### Task goal
The answer is the line containing "- Sweet Cherry" plus every line after it to the end of the material, retyped exactly and without the pictures.

BEGIN Input data

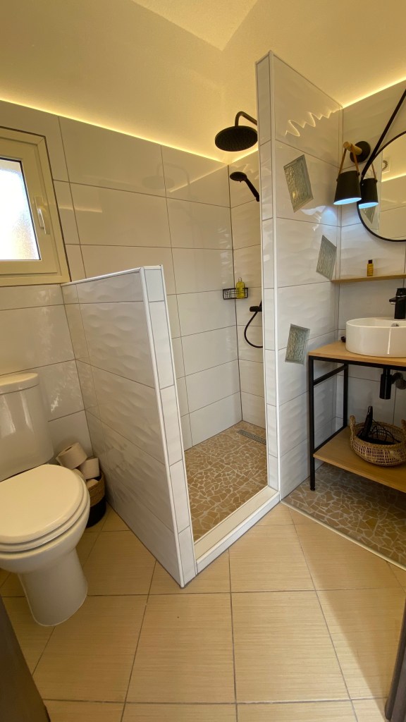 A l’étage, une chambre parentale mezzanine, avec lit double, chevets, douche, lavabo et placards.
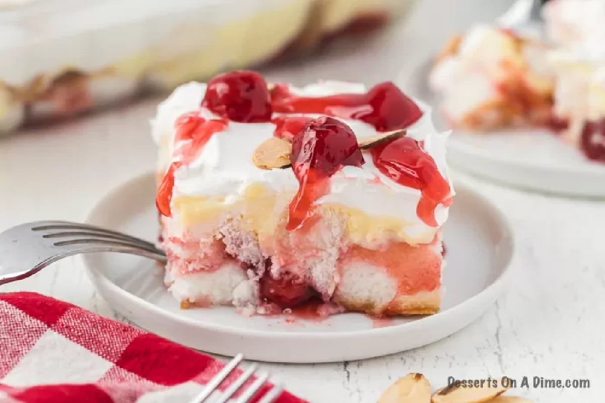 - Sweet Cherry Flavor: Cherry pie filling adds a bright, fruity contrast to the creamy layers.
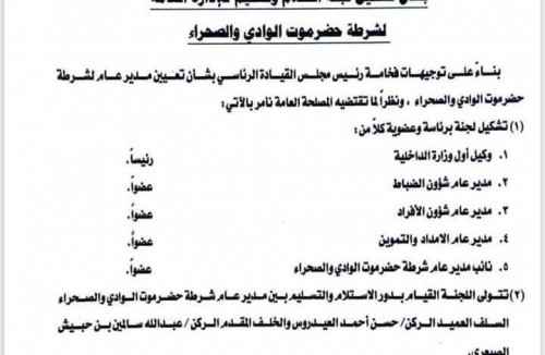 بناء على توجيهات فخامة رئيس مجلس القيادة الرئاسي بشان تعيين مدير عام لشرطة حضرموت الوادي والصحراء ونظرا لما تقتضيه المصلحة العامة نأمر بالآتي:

END Input data

### Response for this exercise
 - Sweet Cherry Flavor: Cherry pie filling adds a bright, fruity contrast to the creamy layers.
 بناء على توجيهات فخامة رئيس مجلس القيادة الرئاسي بشان تعيين مدير عام لشرطة حضرموت الوادي والصحراء ونظرا لما تقتضيه المصلحة العامة نأمر بالآتي:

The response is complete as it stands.